L’exposition présente aussi de nombreux « bois-reliefs », tableaux en trois dimensions de bois tournés et de bois flottés, réalisés lorsque Philolaos retourne en vacances en Grèce et utile ce dont il dispose sur place pour exprimer sa créativité : le bois déposé par la mer sur plage, les outils de menuiserie et de tournage sur bois de son père…. Ses petits tableaux, tellement éloignés de l’image que l’on peut se faire des oeuvres de Philolaos, ont été un véritable coup de coeur. Qu’ils soient figuratifs ou abstraits, ils dégagent une jolie poésie, une invitation au voyage, à la contemplation, à la méditation.

Puis, il est question de la découverte de l’acier inoxydable : un matériau rigide qui vrille pourtant naturellement, un matériau à dompter, un formidable terrain d’expression pour l’artiste. Il en fera son matériau de prédilection, multipliant les usages, tant en oeuvres monumentales qu’en mobilier et objets pour sa maison.

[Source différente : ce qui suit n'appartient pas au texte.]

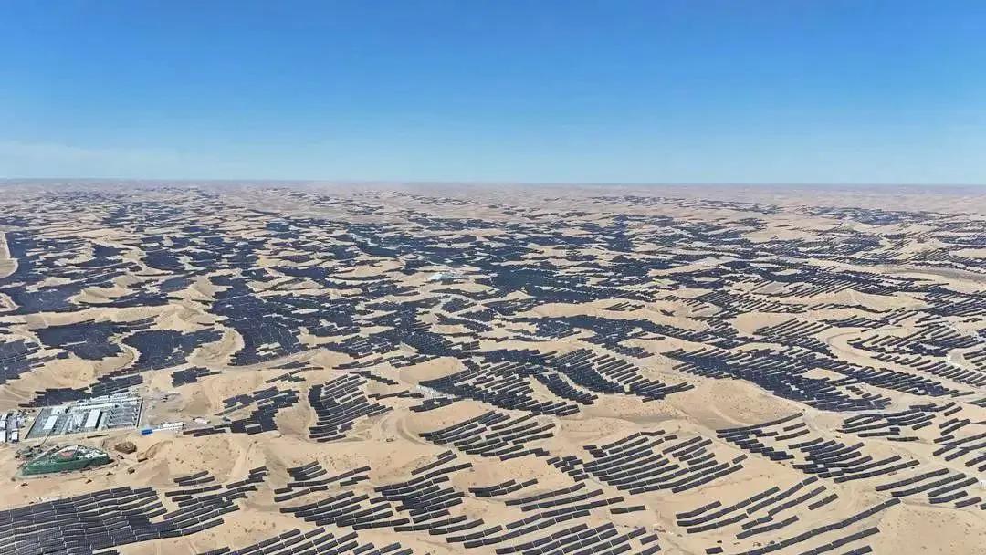 新疆米東350萬千瓦光伏項(xiàng)目是國(guó)內(nèi)單體容量最大的沙漠光伏項(xiàng)目,位于烏魯木齊市米東區(qū)北部沙漠,占地面積約20萬畝,利用小時(shí)數(shù)1740h,年發(fā)電量60.9億千瓦時(shí),相當(dāng)于300萬戶家庭一年的用電量。項(xiàng)目投運(yùn)后,每年可節(jié)約原煤194.88萬噸,減少二氧化碳排放量607.17萬噸,對(duì)加快當(dāng)?shù)啬茉唇Y(jié)構(gòu)優(yōu)化、推動(dòng)電力市場(chǎng)建設(shè)具有重要意義。
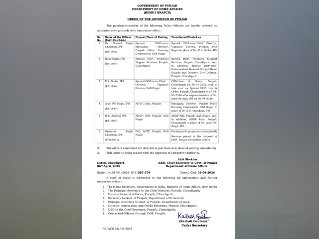 चंडीगढ़, 6 अप्रैल- पंजाब सरकार के होम डिपार्टमेंट ने IPS अधिकारियों का ट्रांसफर किया है। पूरी लिस्ट देखें...

En effet, Philolaos concevra sa maison, la construira et fabriquera lui-même une grande partie du mobilier et des aménagements de celle-ci. On peut ainsi qualifier la maison de l’artiste d’oeuvre totale où tout devient prétexte à création : les meubles, la vaisselle, les objets…. On découvre ainsi les meubles de la salle à manger, des couverts, des fauteuils, le coffre pour cacher la télévision, des bouteilles, … Leurs lignes sont à la fois d’une sobriété très moderne et d’une esthétique futuriste très marquée dans les années 70.

Enfin, on découvre de nombreuses maquettes pour des réalisations monumentales : les châteaux d’eau de Valence (forcément !), des fontaines, des sculptures pour des parcs, des statues magistrales…. Parfois, plusieurs versions sont présentées, témoins du cheminement de la pensée créative de Philolaos.

Je suis ressortie de l’exposition sous le charme des bois-reliefs et des créations en arts décoratifs, en particulier la vaisselle et les bouteilles en inox. J’ai pu découvrir la facette plus intime de cet artiste dont je connaissais déjà quelques oeuvres monumentales et c’est cette facette qui m’a le plus touchée.

200216_expo_Philolaos_1
Oeuvres de Philolaos en béton avec ruban d’acier (au 1er plan) et en acier (au 2nd plan) dans la cour du musée

200216_expo_Philolaos_2
Les Jumelles, sculpures en plomb

200216_expo_Philolaos_3
Buste en bronze

200216_expo_Philolaos_4
Vers l’abstration…

200216_expo_Philolaos_5
Les « bois-reliefs »

200216_expo_Philolaos_6
Les « bois-reliefs » – détail

200216_expo_Philolaos_7
Les « bois-reliefs » – détail

200216_expo_Philolaos_8
La découverte de l’inox

200216_expo_Philolaos_9
Etude pour un portail pour le Technocentre Renault de Guyancourt (78) / maquettes de statues : Christophe Colomb, Georges Pompidou, Pierre de Coubertin, Antoine de Saint-Exupéry

200216_expo_Philolaos_10
La salle à manger, mobilier et vaisselle de la maison de Philolaos

200216_expo_Philolaos_11
Etude pour un animal imaginaire en béton et ruban d’acier

Exposition « Philolaos, dans l’atelier du sculpteur » – Musée de Valence – Drôme – février 2020

 

(*) L’exposition se tient au Musée de Valence jusqu’au 8 mars 2020. Il s’agit de la première exposition retraçant l’ensemble de la carrière de Philolaos présentée dans un musée français.